# [To do]
The expected response is the full listing, retyped exactly, without its images.

# [Dataset extract]
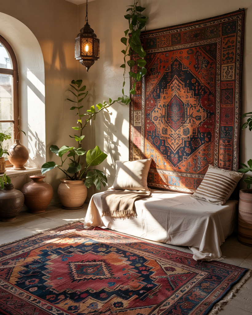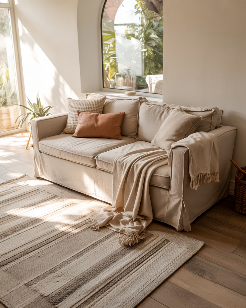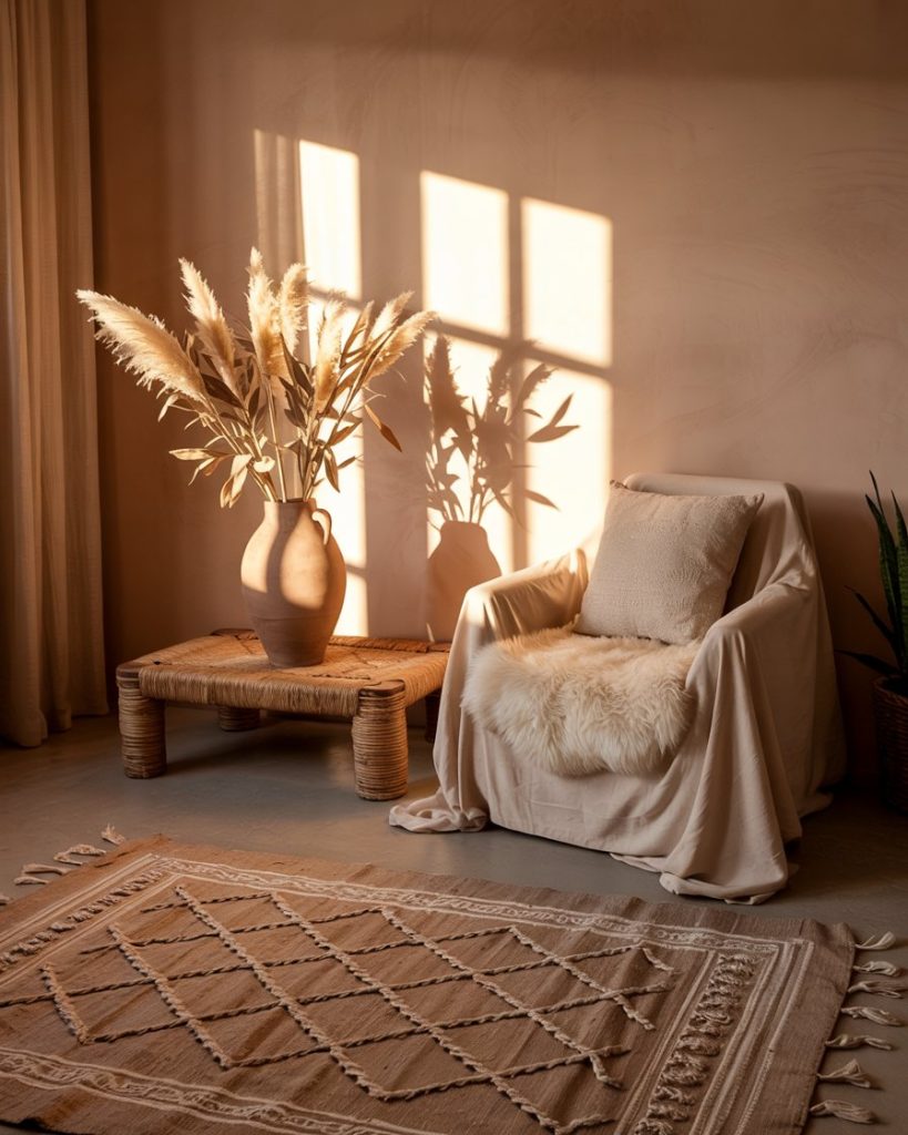 Inspired by desert landscapes, this style celebrates earthy sand tones, clay pottery, woven decor, and terracotta accents. Add cacti, handmade ceramics, and soft, neutral fabrics for a grounded warmth. During my trip to Arizona, I saw this palette used with a minimalist layout—it was serene and timeless.
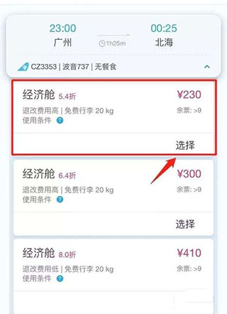 5、选择新的航班。
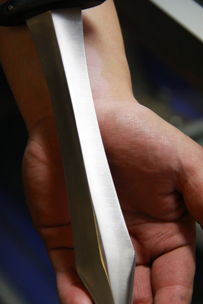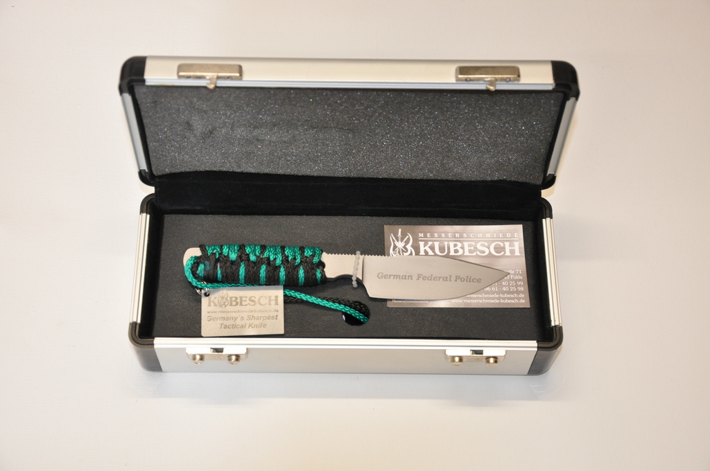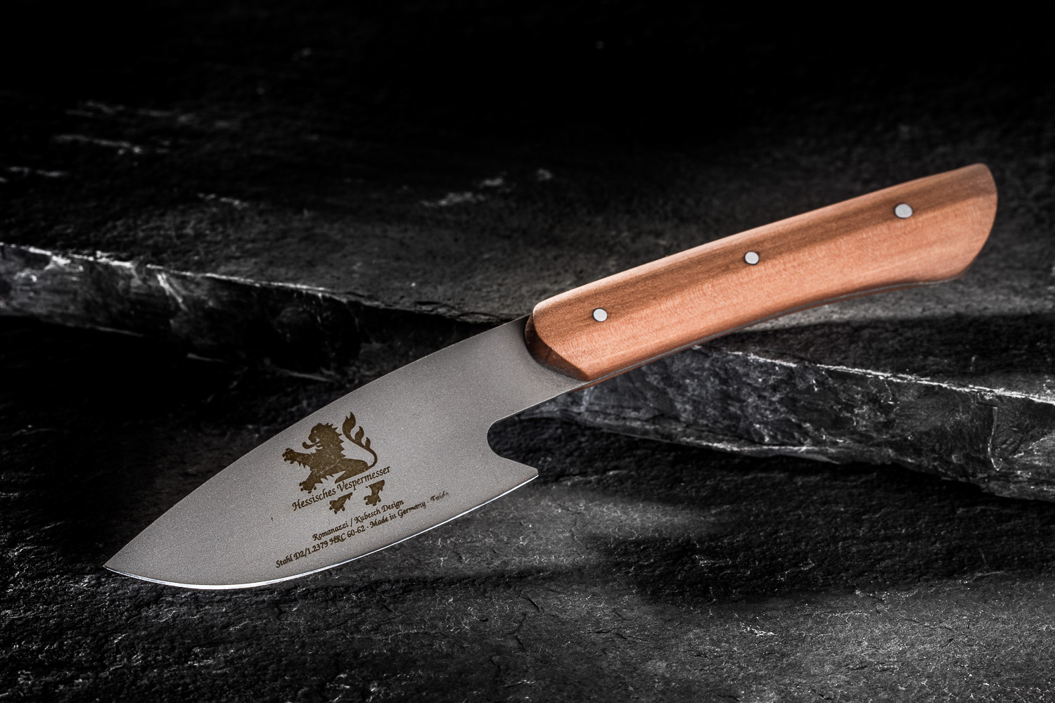Aus hochwertigem, rostträgen D2-Stahl fertigt Jens Kubesch Messer, deren Klingen anschliessend gehärtet und glasperlengestrahlt werden. Für die Messergriffe kommen verschiedene Hölzer oder Hornmaterialien zum Einsatz, individuell und ergonomisch sinnvoll gestaltet. Solch ein hochwertiges Qualitätsmesser hat eine nahezu unbeschränkte Lebensdauer wenn es von seinem Besitzer nach allen Regeln der Kunst, in die er von Jens Kubesch eingeführt wird, gepflegt wird. Der Meister Jens Kubesch bildet im Beruf des Schneidwerkzeugemechanikers aus. Besonders beliebt sind seine mehrtägigen Messerbau-Seminare für interessierte Laien. Der Einblick in das Handwerk des Messerbaus schärft das Verständnis für die hohe Professionalität und das handwerkliche Knowhow, denn in jedem echten, einzigartigen Qualitätsmesser steckt ein Höchstmaß an Perfektion.

# [Exercise output]
 Inspired by desert landscapes, this style celebrates earthy sand tones, clay pottery, woven decor, and terracotta accents. Add cacti, handmade ceramics, and soft, neutral fabrics for a grounded warmth. During my trip to Arizona, I saw this palette used with a minimalist layout—it was serene and timeless.
 5、选择新的航班。
Aus hochwertigem, rostträgen D2-Stahl fertigt Jens Kubesch Messer, deren Klingen anschliessend gehärtet und glasperlengestrahlt werden. Für die Messergriffe kommen verschiedene Hölzer oder Hornmaterialien zum Einsatz, individuell und ergonomisch sinnvoll gestaltet. Solch ein hochwertiges Qualitätsmesser hat eine nahezu unbeschränkte Lebensdauer wenn es von seinem Besitzer nach allen Regeln der Kunst, in die er von Jens Kubesch eingeführt wird, gepflegt wird. Der Meister Jens Kubesch bildet im Beruf des Schneidwerkzeugemechanikers aus. Besonders beliebt sind seine mehrtägigen Messerbau-Seminare für interessierte Laien. Der Einblick in das Handwerk des Messerbaus schärft das Verständnis für die hohe Professionalität und das handwerkliche Knowhow, denn in jedem echten, einzigartigen Qualitätsmesser steckt ein Höchstmaß an Perfektion.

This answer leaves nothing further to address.